▸ ABOUT THIS EXERCISE: Reproduce each line below precisely. Drop the pictures.

___ SOURCE RECORDS ___

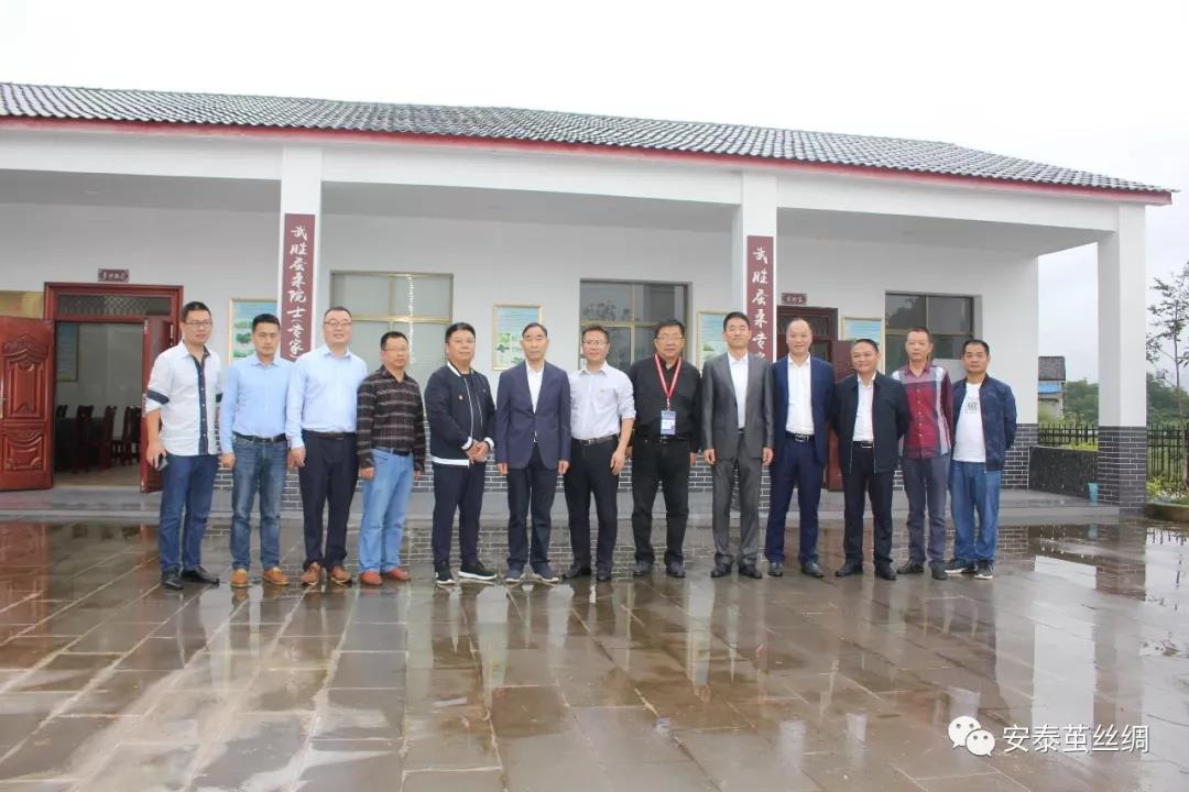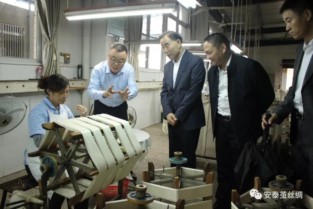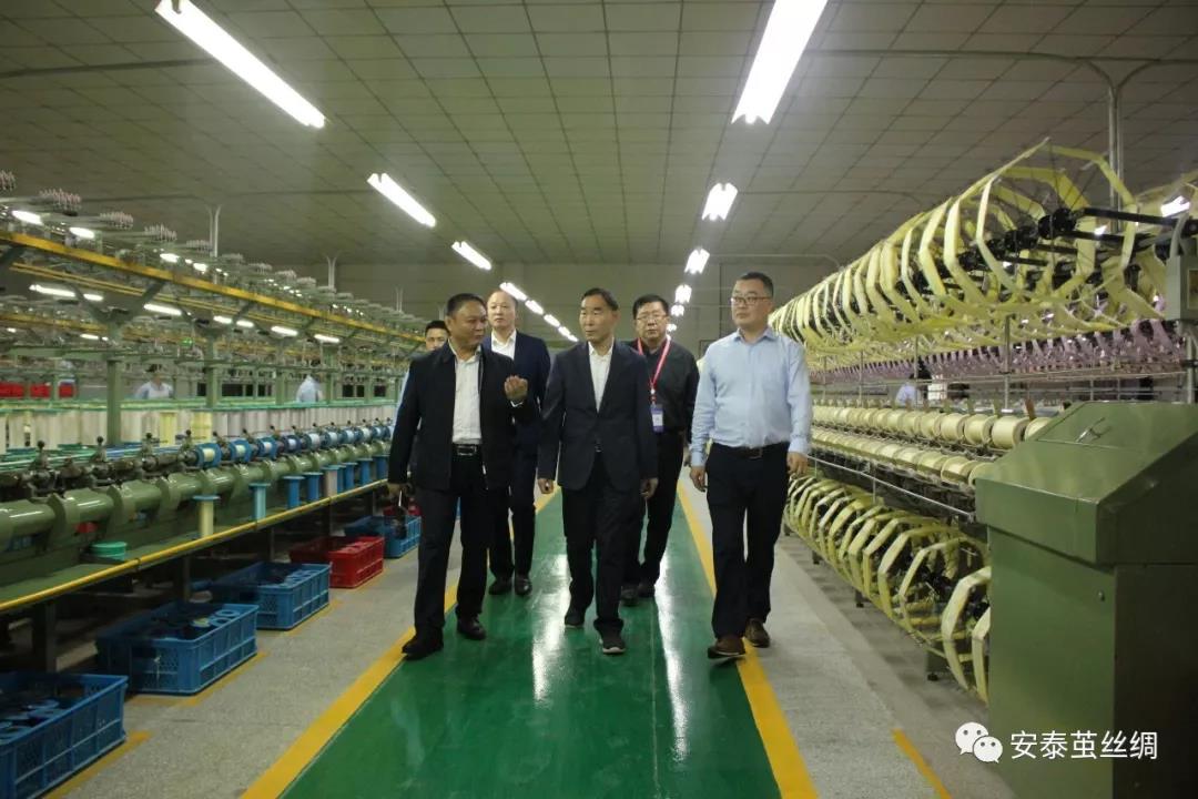 朱保成一行參觀了安泰工業(yè)園內(nèi)的繅絲生產(chǎn)車間、織綢生產(chǎn)車間、絲綢文化博覽館,考察了安泰繭絲綢集團建設(shè)的猛山、雙星現(xiàn)代化蠶桑產(chǎn)業(yè)基地、蠶桑專家大院。世紀(jì)安泰集團總裁陳善東對公司理念及發(fā)展現(xiàn)狀做了介紹:世紀(jì)安泰是以絲綢生產(chǎn)經(jīng)營為主導(dǎo)產(chǎn)業(yè),以房地產(chǎn)開發(fā)建設(shè)、星級酒店經(jīng)營、物業(yè)管理、金融及投資、教育醫(yī)療康養(yǎng)等為主要業(yè)務(wù)的集團化公司。安泰繭絲綢集團踐行“建萬畝良桑,做責(zé)任安泰”的使命,創(chuàng)新模式,積極與政府合作發(fā)展蠶桑產(chǎn)業(yè),投資近2億元在全縣8個鄉(xiāng)鎮(zhèn)自建1萬畝優(yōu)質(zhì)蠶?;亍⑤椛鋷影l(fā)展2萬畝優(yōu)質(zhì)桑園。公司嚴(yán)把質(zhì)量關(guān),生絲質(zhì)量達到6A級,生絲、熟綢產(chǎn)品遠銷歐洲客戶;公司將逐步從蠶繭生產(chǎn)、繅絲織綢、煉染,到服裝制造銷售等環(huán)節(jié),打造絲綢產(chǎn)品全產(chǎn)業(yè)鏈。
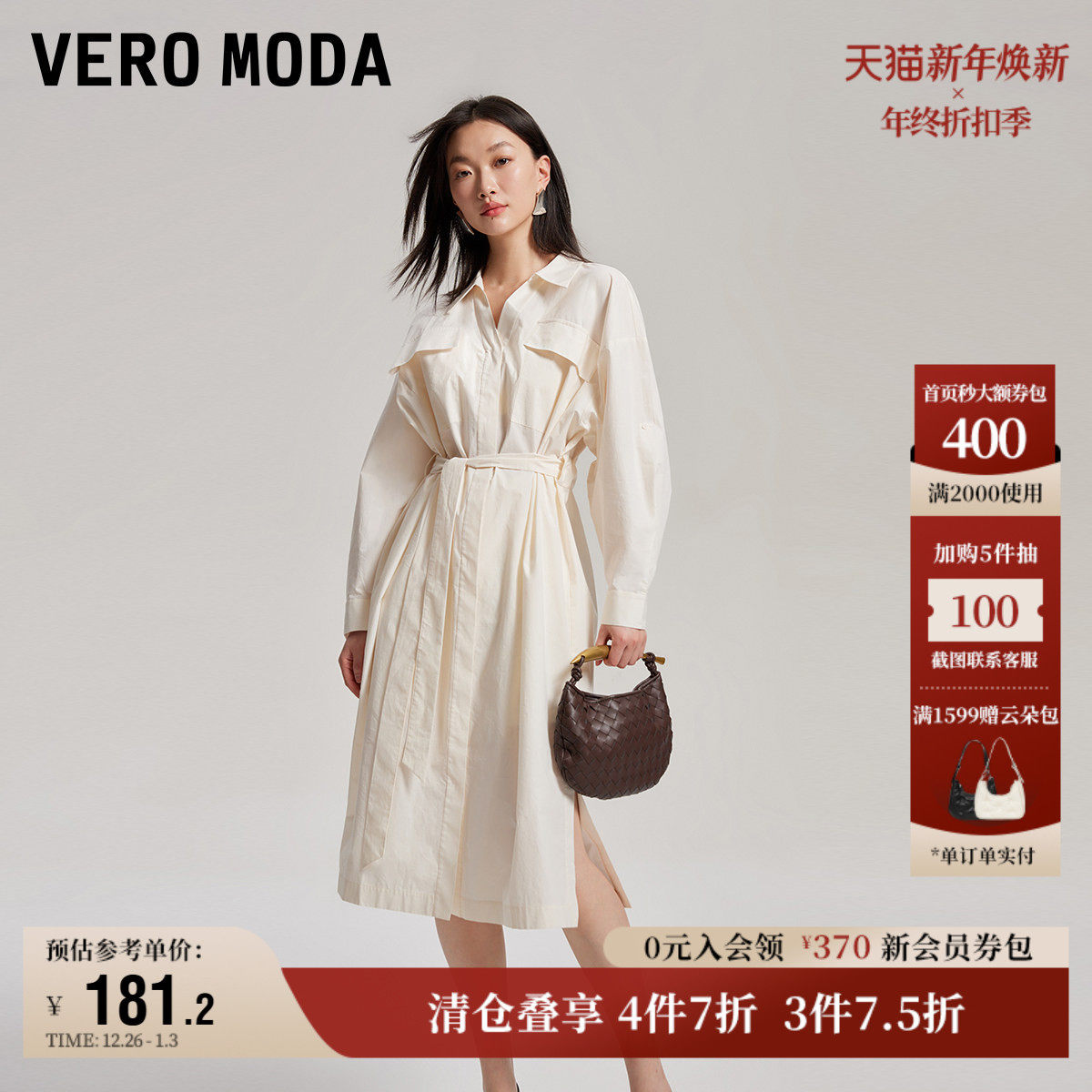 Vero Moda奥莱连衣裙女秋季新款落肩气质长袖宽松休闲衬衫裙子
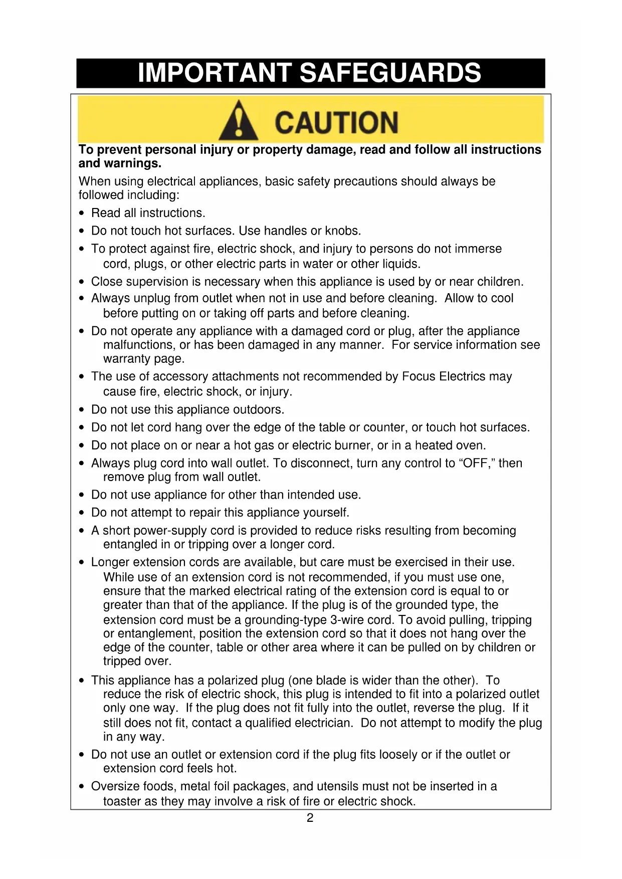 THIS WARRANTY IS IN LIEU OF ALL IMPLIED WARRANTYES, INCLUDING WARRANTYES OF MERCHANTABILITY, FITNESS FOR A PARTICULAR PURPOSE, PERFORMANCE, OR OTHERWISE, WHICH ARE HEREBY EXCUSED. IN NO EVENT SHALL FOCUS ELECTRICS BE LIABLE FOR ANY DAMAGES, WHETHER DIRECT, INDIRECT, INCIDENTAL, FORSEEABLE, CONSEQUENTIAL, OR SPECIAL, ARISING OUT OF OR IN CONNECTION WITH THIS APPLIANCE.
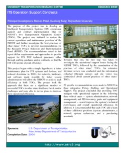 | Title: Intelligent Transportation Systems (ITS) DIRECTOR REGION 2 Operational Support Contracts Implementation Plan Author(s): Publication Year: 2005 <p>The New Jersey Department of Transportation (NJDOT) is currently facing a significant challenge in keeping Intelligent Transportation Systems (ITS) at a high level of availability at the Transportation Operation Center North (TOC North)… |
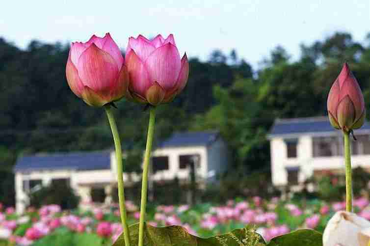 光明村有大片的荷池,花朵映著民居,份外美麗。
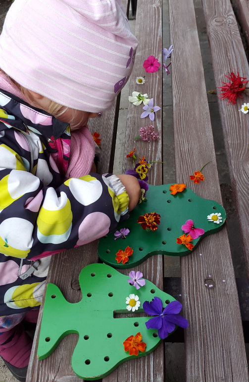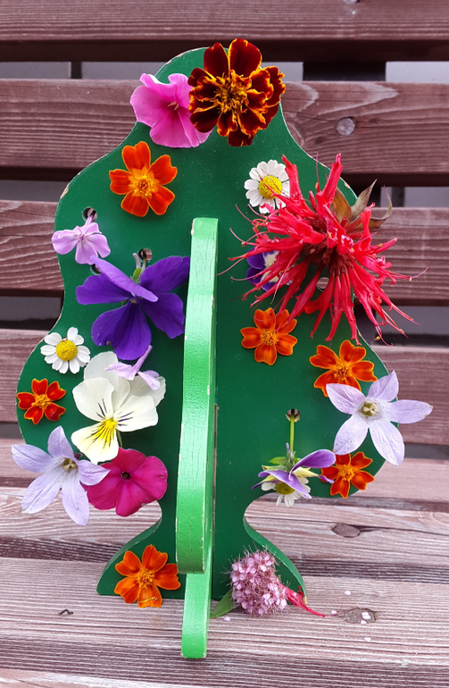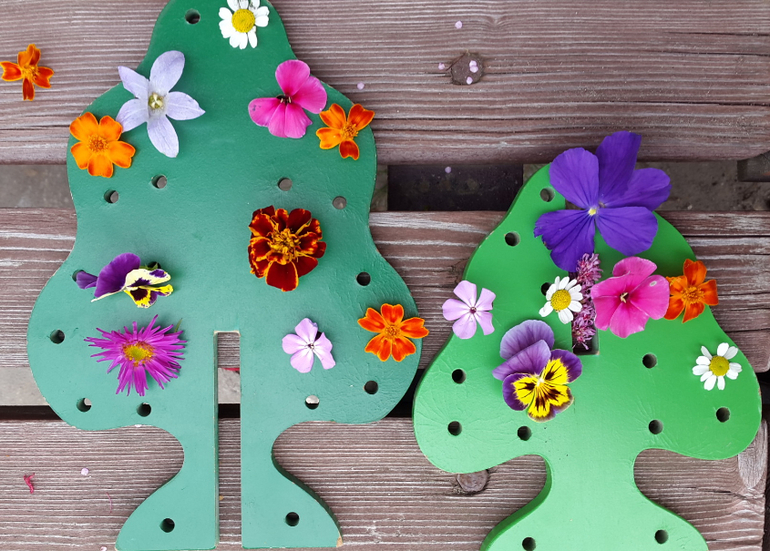 Мистер Умелец или Очумелые ручки (поделки, аппликации, интересные находки, идеи и задумки)Как-то давно нам подарили деревянный набор - два деревца с дырками, в которые нужно вдевать шнурок и украшать фруктами и цветами! Занятие нудное и даже взрослому очень кропотливое. Стояли эти вещи без дела, а тут пришла мысль украсить их настоящими цветами. Легко, быстро, красиво, настоящий флёр пазл получился! Придумывайте новую жизнь старым вещам!

___

▸ TASK OUTPUT:
 朱保成一行參觀了安泰工業(yè)園內(nèi)的繅絲生產(chǎn)車間、織綢生產(chǎn)車間、絲綢文化博覽館,考察了安泰繭絲綢集團建設(shè)的猛山、雙星現(xiàn)代化蠶桑產(chǎn)業(yè)基地、蠶桑專家大院。世紀(jì)安泰集團總裁陳善東對公司理念及發(fā)展現(xiàn)狀做了介紹:世紀(jì)安泰是以絲綢生產(chǎn)經(jīng)營為主導(dǎo)產(chǎn)業(yè),以房地產(chǎn)開發(fā)建設(shè)、星級酒店經(jīng)營、物業(yè)管理、金融及投資、教育醫(yī)療康養(yǎng)等為主要業(yè)務(wù)的集團化公司。安泰繭絲綢集團踐行“建萬畝良桑,做責(zé)任安泰”的使命,創(chuàng)新模式,積極與政府合作發(fā)展蠶桑產(chǎn)業(yè),投資近2億元在全縣8個鄉(xiāng)鎮(zhèn)自建1萬畝優(yōu)質(zhì)蠶?;亍⑤椛鋷影l(fā)展2萬畝優(yōu)質(zhì)桑園。公司嚴(yán)把質(zhì)量關(guān),生絲質(zhì)量達到6A級,生絲、熟綢產(chǎn)品遠銷歐洲客戶;公司將逐步從蠶繭生產(chǎn)、繅絲織綢、煉染,到服裝制造銷售等環(huán)節(jié),打造絲綢產(chǎn)品全產(chǎn)業(yè)鏈。
 Vero Moda奥莱连衣裙女秋季新款落肩气质长袖宽松休闲衬衫裙子
 THIS WARRANTY IS IN LIEU OF ALL IMPLIED WARRANTYES, INCLUDING WARRANTYES OF MERCHANTABILITY, FITNESS FOR A PARTICULAR PURPOSE, PERFORMANCE, OR OTHERWISE, WHICH ARE HEREBY EXCUSED. IN NO EVENT SHALL FOCUS ELECTRICS BE LIABLE FOR ANY DAMAGES, WHETHER DIRECT, INDIRECT, INCIDENTAL, FORSEEABLE, CONSEQUENTIAL, OR SPECIAL, ARISING OUT OF OR IN CONNECTION WITH THIS APPLIANCE.
 | Title: Intelligent Transportation Systems (ITS) DIRECTOR REGION 2 Operational Support Contracts Implementation Plan Author(s): Publication Year: 2005 <p>The New Jersey Department of Transportation (NJDOT) is currently facing a significant challenge in keeping Intelligent Transportation Systems (ITS) at a high level of availability at the Transportation Operation Center North (TOC North)… |
 光明村有大片的荷池,花朵映著民居,份外美麗。
 Мистер Умелец или Очумелые ручки (поделки, аппликации, интересные находки, идеи и задумки)Как-то давно нам подарили деревянный набор - два деревца с дырками, в которые нужно вдевать шнурок и украшать фруктами и цветами! Занятие нудное и даже взрослому очень кропотливое. Стояли эти вещи без дела, а тут пришла мысль украсить их настоящими цветами. Легко, быстро, красиво, настоящий флёр пазл получился! Придумывайте новую жизнь старым вещам!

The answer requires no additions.